About this exercise: The entire listing that follows must be repeated exactly, pictures excluded.

Collected material:

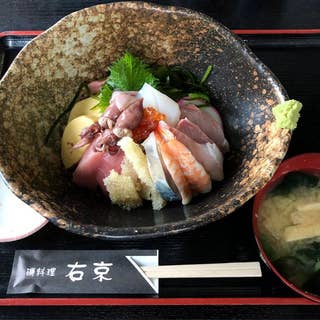 土曜日のランチに家族で訪問しました。 ランチの海鮮丼が美味しいと評判の居酒屋さん「右京」。 春日部で愛されて続けていた人気「右京」がこの地に移転してきました。 では娘とママはその「海鮮丼」を。 この「海鮮丼」は大きな器にたっぷりの具材で供されます。 厚く切られた刺身が10種類以上も並んでいます。 その具材の鮮度や豊富さに大満足です。 酢飯の具合も程よく、しかもその量は1.5合はありそうです。 ボリュームがあってCPの高さが抜群なので、お客さんの大部分がこの「海鮮丼」を食べています。 また、「味噌汁」は魚で出汁を摂っているようですがそれほど魚臭くもなく、これも美味しいです。 一方、自分は「メンチとアジフライ定食」を。 軽くサクッと揚げられている印象ですが、「メンチ」は大変ジューシーで、肉汁が溢れます。 「アジフライ」も大ぶりで身は厚く、食感もホクホクとしていて、大変美味しいし食べ応えがありました。 付け合わせのキャベツの切り方が雑っぽいですがそれは玉に瑕。 なお、店名の「六本木」とはこの店舗のオーナーのこだわりで入れて欲しいとオーダーがあったためとのこと。 「Ⅲ」とは創業地の春日部、支店の藤沢に続いた3店舗目だからとのこと。 店内はパブのようですが、春日部時代と同じように居酒屋の形で営業しています。 パブと間違えて入店してくるお客さんもいるとのこと。
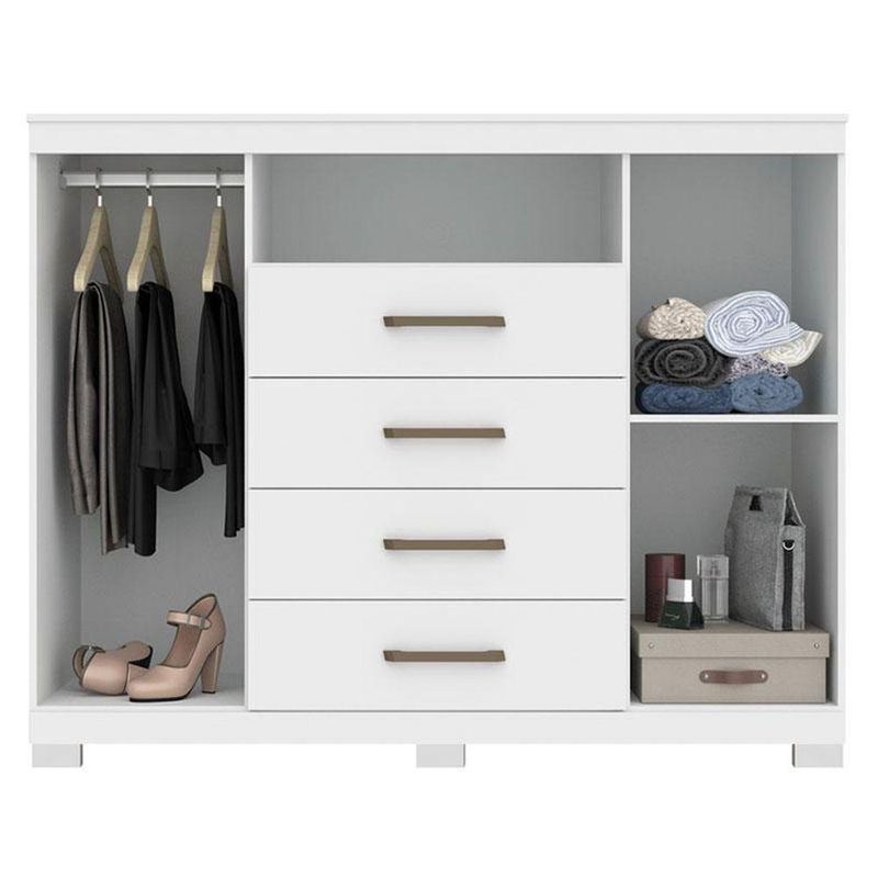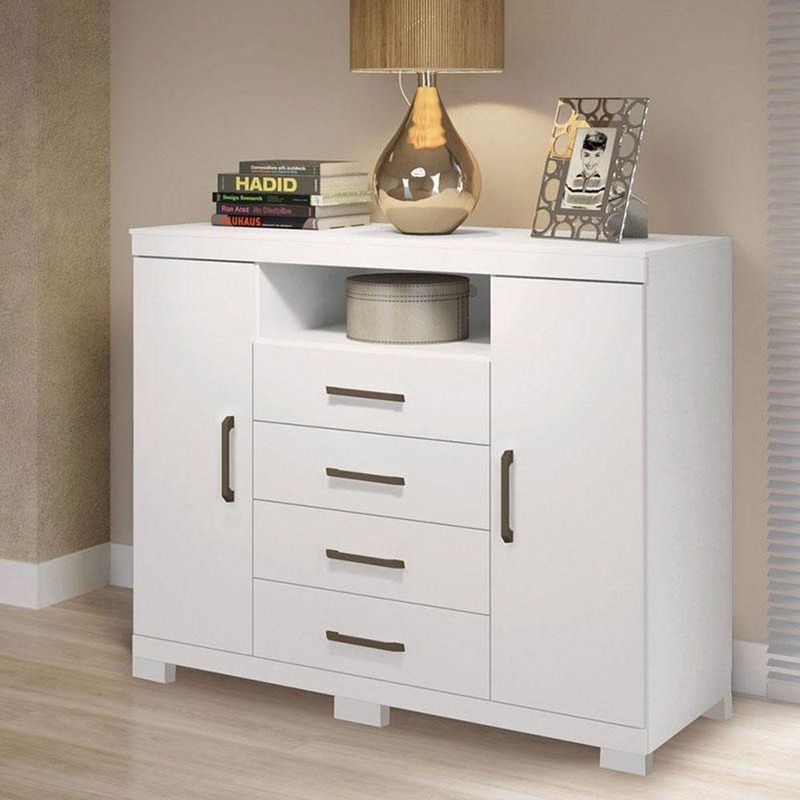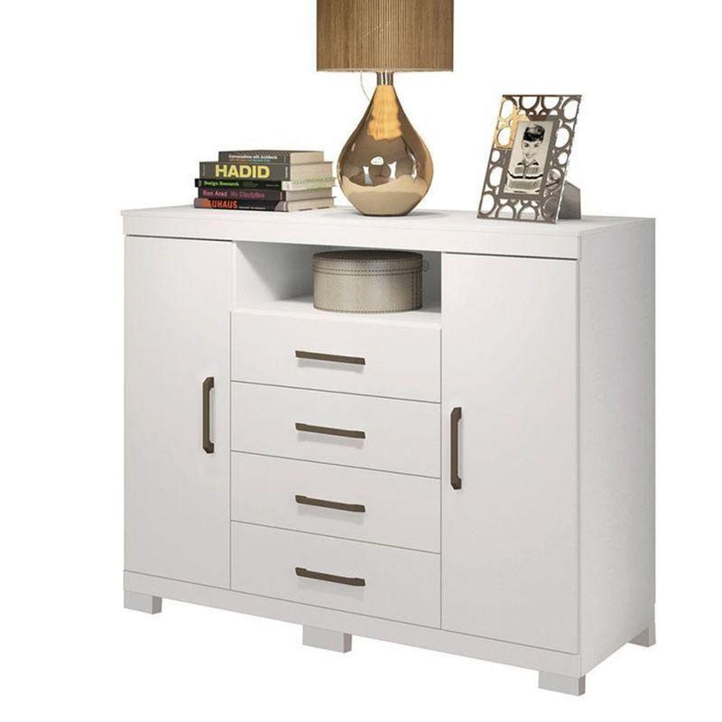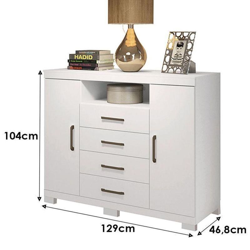 Comoda Havana Master Com Pés Branco Brilho - Santos AndiráComoda Havana Master com pés Branco Brilho - Santos AndiráComoda Havana Master com pés Branco: A Cômoda Havana Master é espaço e funcionalidade para seu quarto: duas portas (uma com cabideiro), quatro gavetas espaçosas e tampo. Pés elevam o móvel facilitando a limpeza e o acabamento traz um toque elegante ao ambiente.Características técnicas:- Desenvolvida em MDP- Pintura em Verniz Fosco- Quatro Gavetas com Corrediças Telescópicas - Puxadores em ABS- Possui um cabideiro- Possui pésDimensões:Altura: 104 cmLargura: 129 cmProfundidade: 46,8 cmInformações importantes:* Não acompanha decorações e acessórios* Nossas cargas possuem seguro, portanto, no ato da entrega, confira a quantidade de volumes recebida, e também o estado da embalagem. Se houver qualquer inconsistência, não assine o comprovante de entrega;* O armazenamento do produto no endereço de entrega é de responsabilidade do comprador. Evite apoiar o produto na vertical, bem como evite áreas que deixem o produto exposto a chuva ou umidade excessiva;* Pequenas variações de tonalidade são possíveis, em razão da diferença de resolução da tela onde o anúncio está sendo visualizado. Se notar diferença expressiva, comunicar a empresa antes de efetuar a montagem;* O serviço de entrega contratado contempla a entrega até a primeira área coberta ou portaria, não sendo coberto o ato de subir escadas/elevadores ou adentrar nas residências;* Não nos responsabilizamos pela montagem, desmontagem ou instalação do produto. NA
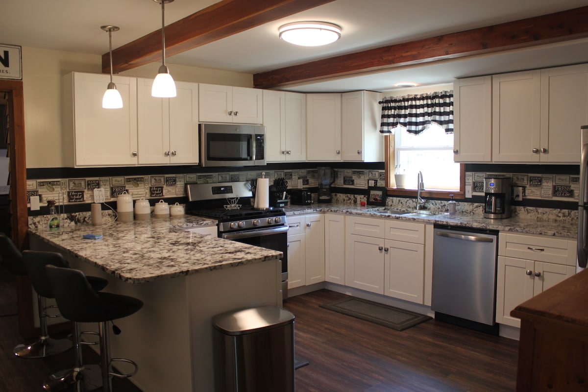 A melhor vida no lago! Esta casa é de construção nova, construída em 2019. Aproveite nossa casa como se fosse sua. Localizado fora de Little Nose Creek no Lago Weiss, estamos verdadeiramente no centro de qualquer lugar que você gostaria de estar no lago. Relaxe no grande deck coberto e aproveite o pôr do sol. É uma configuração de 3 quartos, 2 banheiros completos. O quarto principal tem uma cama king, o quarto de hóspedes tem uma cama queen e o quarto do meio contém uma cama full e uma cama de solteiro. Futon na sala de estar. Desfrute dos balcões de granito e dos eletrodomésticos mais recentes na cozinha.

Solution to the exercise:
 土曜日のランチに家族で訪問しました。 ランチの海鮮丼が美味しいと評判の居酒屋さん「右京」。 春日部で愛されて続けていた人気「右京」がこの地に移転してきました。 では娘とママはその「海鮮丼」を。 この「海鮮丼」は大きな器にたっぷりの具材で供されます。 厚く切られた刺身が10種類以上も並んでいます。 その具材の鮮度や豊富さに大満足です。 酢飯の具合も程よく、しかもその量は1.5合はありそうです。 ボリュームがあってCPの高さが抜群なので、お客さんの大部分がこの「海鮮丼」を食べています。 また、「味噌汁」は魚で出汁を摂っているようですがそれほど魚臭くもなく、これも美味しいです。 一方、自分は「メンチとアジフライ定食」を。 軽くサクッと揚げられている印象ですが、「メンチ」は大変ジューシーで、肉汁が溢れます。 「アジフライ」も大ぶりで身は厚く、食感もホクホクとしていて、大変美味しいし食べ応えがありました。 付け合わせのキャベツの切り方が雑っぽいですがそれは玉に瑕。 なお、店名の「六本木」とはこの店舗のオーナーのこだわりで入れて欲しいとオーダーがあったためとのこと。 「Ⅲ」とは創業地の春日部、支店の藤沢に続いた3店舗目だからとのこと。 店内はパブのようですが、春日部時代と同じように居酒屋の形で営業しています。 パブと間違えて入店してくるお客さんもいるとのこと。
 Comoda Havana Master Com Pés Branco Brilho - Santos AndiráComoda Havana Master com pés Branco Brilho - Santos AndiráComoda Havana Master com pés Branco: A Cômoda Havana Master é espaço e funcionalidade para seu quarto: duas portas (uma com cabideiro), quatro gavetas espaçosas e tampo. Pés elevam o móvel facilitando a limpeza e o acabamento traz um toque elegante ao ambiente.Características técnicas:- Desenvolvida em MDP- Pintura em Verniz Fosco- Quatro Gavetas com Corrediças Telescópicas - Puxadores em ABS- Possui um cabideiro- Possui pésDimensões:Altura: 104 cmLargura: 129 cmProfundidade: 46,8 cmInformações importantes:* Não acompanha decorações e acessórios* Nossas cargas possuem seguro, portanto, no ato da entrega, confira a quantidade de volumes recebida, e também o estado da embalagem. Se houver qualquer inconsistência, não assine o comprovante de entrega;* O armazenamento do produto no endereço de entrega é de responsabilidade do comprador. Evite apoiar o produto na vertical, bem como evite áreas que deixem o produto exposto a chuva ou umidade excessiva;* Pequenas variações de tonalidade são possíveis, em razão da diferença de resolução da tela onde o anúncio está sendo visualizado. Se notar diferença expressiva, comunicar a empresa antes de efetuar a montagem;* O serviço de entrega contratado contempla a entrega até a primeira área coberta ou portaria, não sendo coberto o ato de subir escadas/elevadores ou adentrar nas residências;* Não nos responsabilizamos pela montagem, desmontagem ou instalação do produto. NA
 A melhor vida no lago! Esta casa é de construção nova, construída em 2019. Aproveite nossa casa como se fosse sua. Localizado fora de Little Nose Creek no Lago Weiss, estamos verdadeiramente no centro de qualquer lugar que você gostaria de estar no lago. Relaxe no grande deck coberto e aproveite o pôr do sol. É uma configuração de 3 quartos, 2 banheiros completos. O quarto principal tem uma cama king, o quarto de hóspedes tem uma cama queen e o quarto do meio contém uma cama full e uma cama de solteiro. Futon na sala de estar. Desfrute dos balcões de granito e dos eletrodomésticos mais recentes na cozinha.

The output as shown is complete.